Applied Genetic Technologies Corp. and Biogen Inc. terminated a collaboration to develop gene-based therapies for inherited eye disorders following the failure of an early-stage study.
As a result, Applied Genetics will regain the full rights to the programs included in the July 2015 partnership which covers the development and commercialization of the company's portfolio of drug candidates intended to treat orphan diseases of the retina, including X-linked retinoschisis, X-linked retinitis pigmentosa and three other discovery programs.
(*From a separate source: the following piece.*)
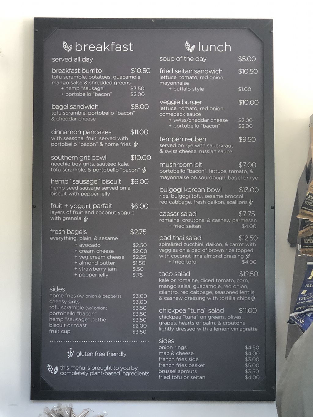 yum! buffalo fried seitan caesar salad a bit underwhelming, but still really good— especially compared to the other minimal options around town. loved the local one love kombucha too :) little expensive but worth the stop, breakfast items looked great!

X-linked retinoschisis, or XLRS, is a condition characterized by impaired vision that begins in childhood and occurs almost exclusively in males. X-linked retinitis pigmentosa, or XLRP, is an inherited condition that causes blindness in men due to mutation in the RPGR gene which is responsible for making a protein essential for normal vision.
The phase 1/2 study investigated rAAV2tYF-CB-hRS1 in patients with XLRS due to mutations in the RS1 gene which provides instructions for the production of the protein called retinoschisin and is found in the retina.
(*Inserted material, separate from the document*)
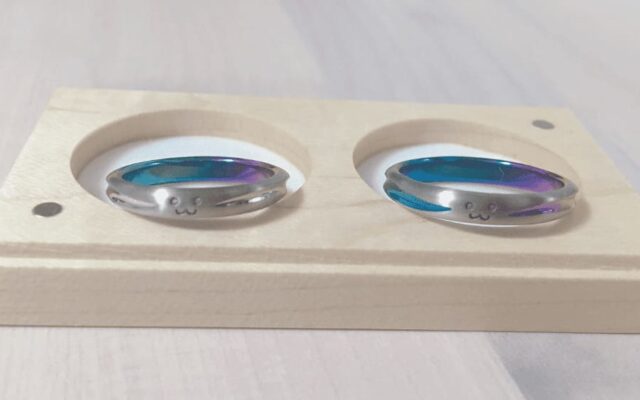 結婚指輪らしくないデザインと、指輪にチェーンを通して指輪とネックレスに出来る2WAY仕様になっていることです。内側にお互いのイメージキャラクターのカエルも刻印しました。

After six months of treatment, the drug was generally safe and well-tolerated but did not show any signs of clinical activity. Applied Genetic Technologies intends to halt the drug's development in XLRS once patient monitoring activities have been completed.
The Alachua, Fla.-based company said it will continue the ongoing clinical studies of rAAV2tYF-CB-hRS1 in patients with XLRP and achromatopsia, or color blindness.